Rheumatology Unit, Department of Medicine, University of Perugia, Perugia, Italy.
Institute of Infection, Immunity and Inflammation, College of Medical Veterinary and Life Sciences, University of Glasgow, Glasgow, UK.
Ann Rheum Dis. 2021 Jun;80(6):698-706. doi: 10.1136/annrheumdis-2020-219724. Epub 2021 Feb 5.
Severe systemic inflammation associated with some stages of COVID-19 and in fatal cases led therapeutic agents developed or used frequently in Rheumatology being at the vanguard of experimental therapeutics strategies. The aim of this project was to elaborate EULAR Points to consider (PtCs) on COVID-19 pathophysiology and immunomodulatory therapies.
PtCs were developed in accordance with EULAR standard operating procedures for endorsed recommendations, led by an international multidisciplinary Task Force, including rheumatologists, translational immunologists, haematologists, paediatricians, patients and health professionals, based on a systemic literature review up to 15 December 2020. Overarching principles (OPs) and PtCs were formulated and consolidated by formal voting.

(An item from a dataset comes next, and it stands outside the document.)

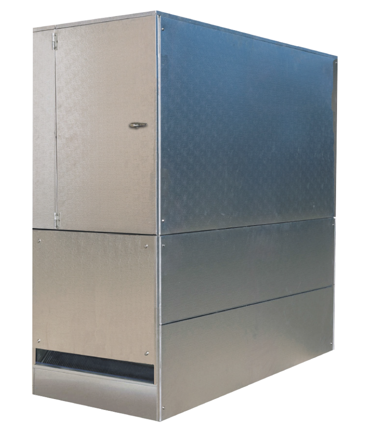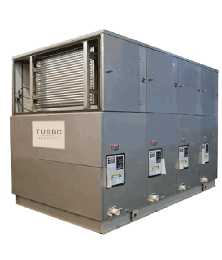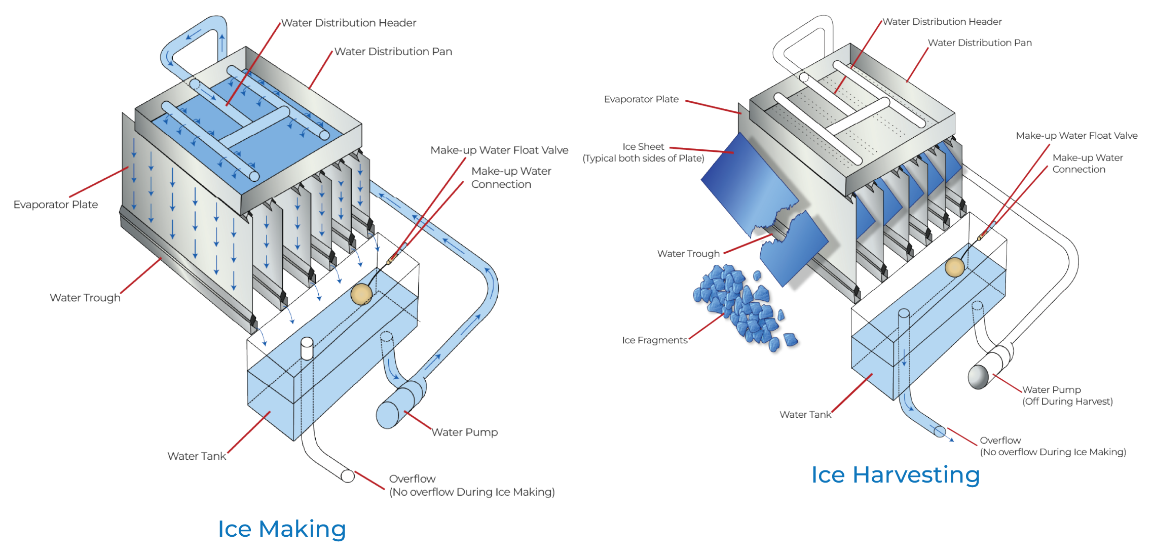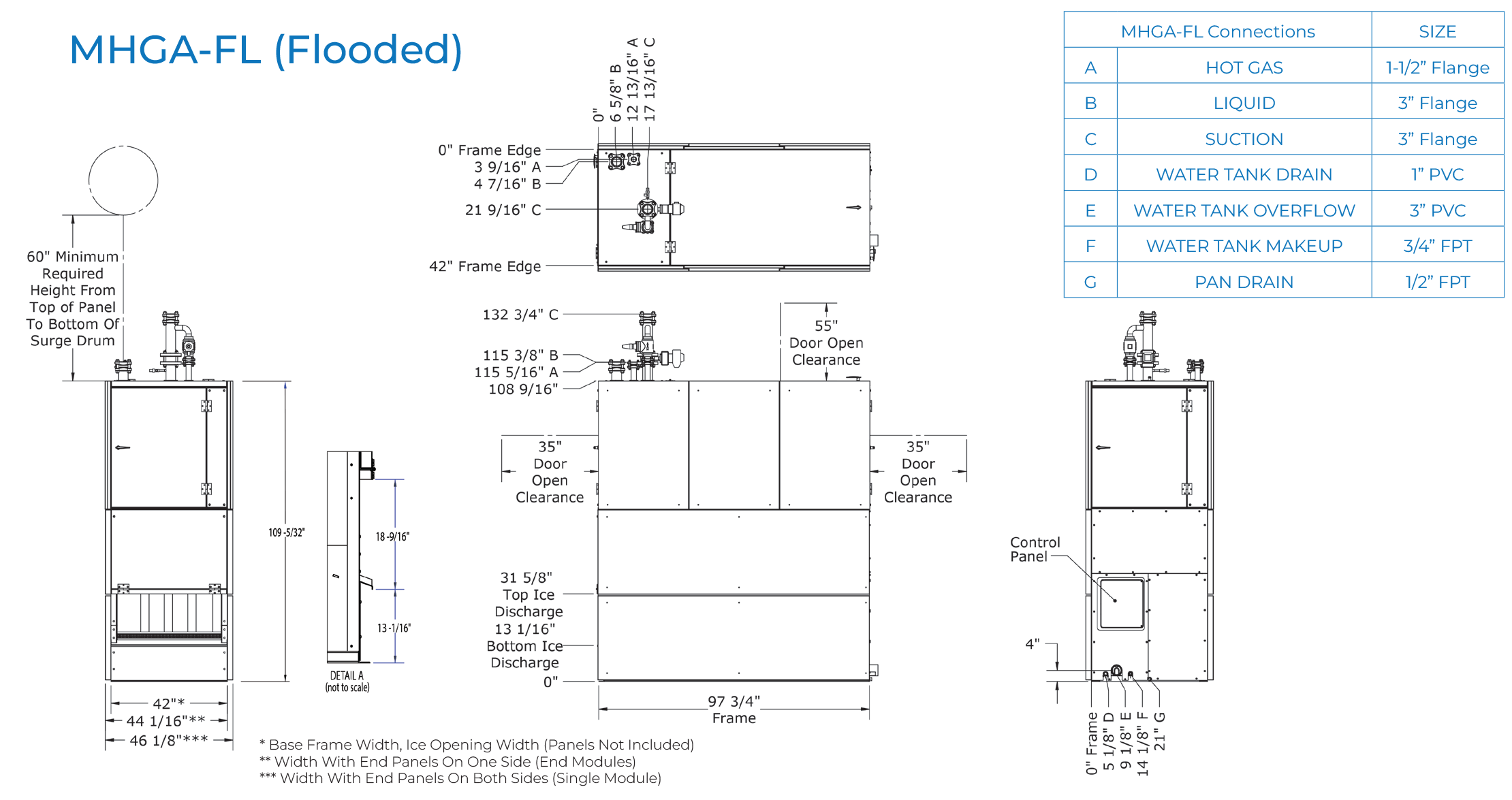 The Turbo Products MHGA (Modular Hot Gas Ammonia) are microprocessor controlled ice modules that can be combined to operate alone or as part of a sequenced modular ice making array for 25 tons to over 300 tons of ice per day. This ice discharges in 1/4” to 1/2” plate fragmented ice which is moist on the surface but does not readily clump in storage. A single master control panel provides network accessibility for precisely monitoring and controlling ice making operations.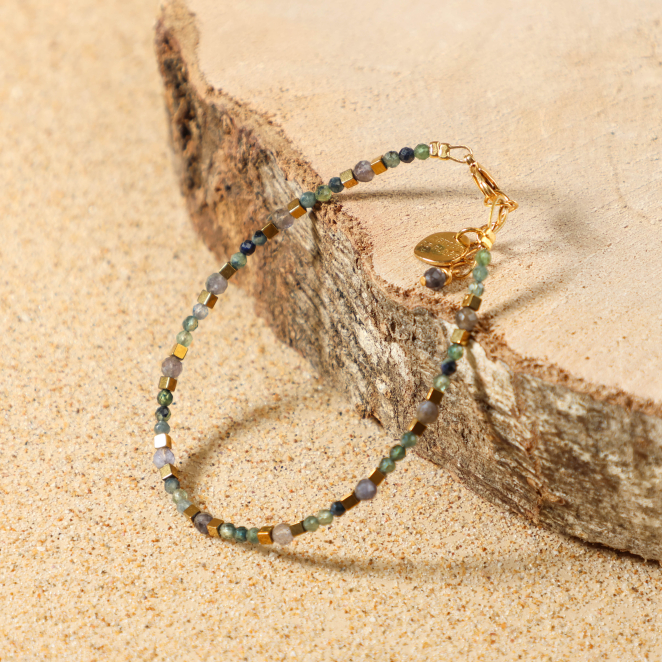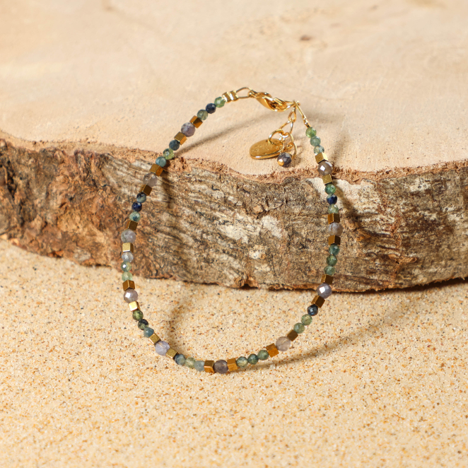 Laissez-vous envoûter par les couleurs pétillantes du bracelet Cachette. Avec des perles en cyanite, hématite et cordiérite, cette création évoque la fête et la joie d'un instant au bord de l'océan. Ce bijou scintille avec élégance et rappelle le pétillement des soirées d'été. Ce bijou est une composition douce et lumineuse, où les nuances de bleu et de doré se marient parfaitement, pour un effet à la fois naturel et sophistiqué. Ce bracelet est le compagnon idéal pour illuminer votre quotidien ou pour compléter une tenue de soirée avec une touche de raffinement. Offrez, à vous-même ou à vos proches, un peu de magie !

Two OPs and fourteen PtCs were developed. OPs highlight the heterogeneous clinical spectrum of SARS-CoV-2 infection and the need of a multifaceted approach to target the different pathophysiological mechanisms. PtCs 1-6 encompass the pathophysiology of SARS-CoV-2 including immune response, endothelial dysfunction and biomarkers. PtCs 7-14 focus on the management of SARS-CoV-2 infection with immunomodulators. There was evidence supporting the use of glucocorticoids, especially dexamethasone, in COVID-19 cases requiring oxygen therapy. No other immunomodulator demonstrated efficacy on mortality to date, with however inconsistent results for tocilizumab. Immunomodulatory therapy was not associated with higher infection rates.
Multifactorial pathophysiological mechanisms, including immune abnormalities, play a key role in COVID-19. The efficacy of glucocorticoids in cases requiring oxygen therapy suggests that immunomodulatory treatment might be effective in COVID-19 subsets. Involvement of rheumatologists, as systemic inflammatory diseases experts, should continue in ongoing clinical trials delineating optimal immunomodulatory therapy utilisation in COVID-19.
与 COVID-19 的某些阶段和致命病例相关的严重全身炎症导致经常在风湿病学中开发或使用的治疗药物成为实验治疗策略的前沿。本项目的目的是详细阐述 COVID-19 病理生理学和免疫调节治疗的 EULAR 注意事项 (PtC)。
PtC 是根据 EULAR 标准操作程序制定的,该程序由一个国际多学科工作组领导,该工作组包括风湿病学家、转化免疫学家、血液学家、儿科医生、患者和卫生专业人员,基于截至 2020 年 12 月 15 日的系统文献回顾。总体原则 (OP) 和 PtC 通过正式投票进行制定和整合。
制定了两个 OP 和十四个 PtC。OP 强调了 SARS-CoV-2 感染的临床表现异质性,需要采用多方面的方法来针对不同的病理生理机制。PtC1-6 包括 SARS-CoV-2 的病理生理学,包括免疫反应、内皮功能障碍和生物标志物。PtC7-14 侧重于免疫调节剂治疗 SARS-CoV-2 感染。有证据支持在需要氧疗的 COVID-19 病例中使用糖皮质激素,特别是地塞米松。迄今为止,没有其他免疫调节剂在死亡率方面显示出疗效,但托珠单抗的结果不一致。免疫调节治疗与更高的感染率无关。
多因素病理生理机制,包括免疫异常,在 COVID-19 中起关键作用。糖皮质激素在需要氧疗的病例中的疗效表明,免疫调节治疗可能对 COVID-19 亚组有效。作为系统性炎症性疾病专家的风湿病学家的参与应继续在正在进行的临床试验中进行,以确定 COVID-19 中最佳免疫调节治疗的应用。